Enfin je leur demande de l'enthousiasme parce que nous arrivons d'autant mieux à remplir nos missions que nous le faisons avec bonne humeur.

J'ai eu la chance de commander une deuxième fois, un patrouilleur de haute mer. C'est un bâtiment de 80 m de long avec une centaine de personnes à bord. J'étais la seule femme. Au début, c'est un peu particulier mais finalement l'équipage voit vite un commandant. Une commandante, peu importe, c'est le chef. Envers eux j'ai appliqué les mêmes principes qu'à moi-même, c'est ainsi que l'on arrive à fonder vraiment un équipage.

Ce commandement avait une saveur un peu particulière, c'était le premier que j'exerçais en étant maman. J'ai aujourd'hui deux enfants, une petite fille de cinq ans et demi et un petit garçon d'un peu plus d'un an. A l'époque ma fille avait dix-huit mois.

Je me suis effectivement posé la question "Comment cela va-t-il se passer ? Vais-je tenir le coup ?" Je ne vous cacherai pas les difficultés de ce genre de métier et les coups de blues. Fort heureusement, j'ai un mari exceptionnel et je savais que lui, derrière, tenait la barre. Il y a eu des moments difficiles, du chagrin mais il faut repartir très rapidement.

J'ai pu exercer sereinement cette responsabilité, d'autant que je faisais pleinement confiance à mon mari et à sa façon de s'occuper des enfants. Cela se passait très bien pour eux. J'étais totalement rassurée et pouvait ainsi exercer mon métier et être pleinement dans les décisions que je devais prendre. J'ai un avantage considérable, mon mari est également marin. Du coup il connaît le milieu dans lequel je vis, il comprend que les communications soient coupées en fonction des opérations en cours. Toutefois nous arrivons à avoir des échanges fréquents avec la famille, ainsi la distance, l'absence sont un peu moins lourdes à porter.

Alors suis-je un commandant particulier en étant une femme ? Certains vous diront oui, personnellement je ne le pense pas. Il y a des valeurs de rigueur, de bienveillance que je pense très importantes pour un chef et je ne pense pas que ce soit le propre d'un officier féminin. Je le trouve aussi chez les hommes. Chez certains d’entre eux tout comme chez certaines femmes, cela peut faire défaut.

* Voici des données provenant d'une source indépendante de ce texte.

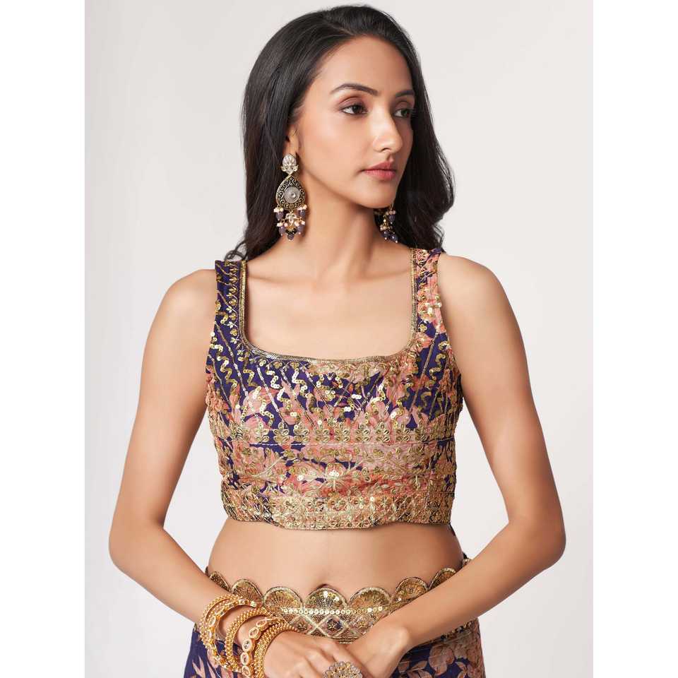 Lovely Purple Floral Print Organza Party Wear Saree With Blouse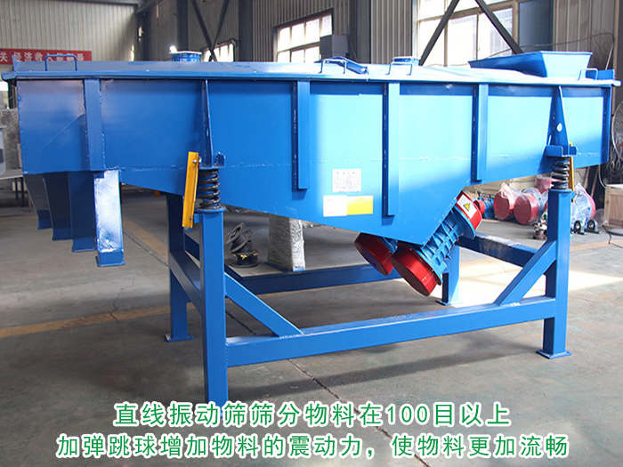2、直線振動(dòng)篩篩分物料在100目以上的,物料流動(dòng)性較小的物料,是需求加彈跳球增加物料的震動(dòng)力,使物料順暢的篩分下來。

Pour moi, plus qu'une affaire de genre, le commandement, l'autorité sont avant tout une affaire de personnalité, d'exemplarité et d'envie. Ce qui est motivant dans ce métier, c'est l'envie de fédérer les énergies, chacun est essentiel au succès de la mission. Je ne peux rien faire s'il ne se crée pas une confiance avec chaque membre de l'équipage et ce n'est pas en leur faisant peur que je peux les faire obéir, c'est en suscitant l'adhésion, en fédérant les énergies. J'essaie d'être droite, quelquefois cela suppose d'être dure. En tous cas, j'essaie d'être juste et je pense que les gens le reconnaissent.

Je reviens sur la question de bousculer les préjugés. Je vous ai dit que l'équipage dans la marine est une chose primordiale. Chacun de nous appartient à une institution qui fonctionne justement parce qu'elle dépasse les préjugés, elle fait confiance aux femmes pour commander. C'est un milieu auquel les femmes ne pensent généralement pas, elles y ont les mêmes opportunités que les hommes.

Nous dépassons nos préjugés vis à vis des membres d'équipage, ils sont là, juste à côté et on se fait confiance. Finalement dépasser ses préjugés conduit à se dépasser soi-même et à faire en sorte que l'équipage se dépasse vraiment également.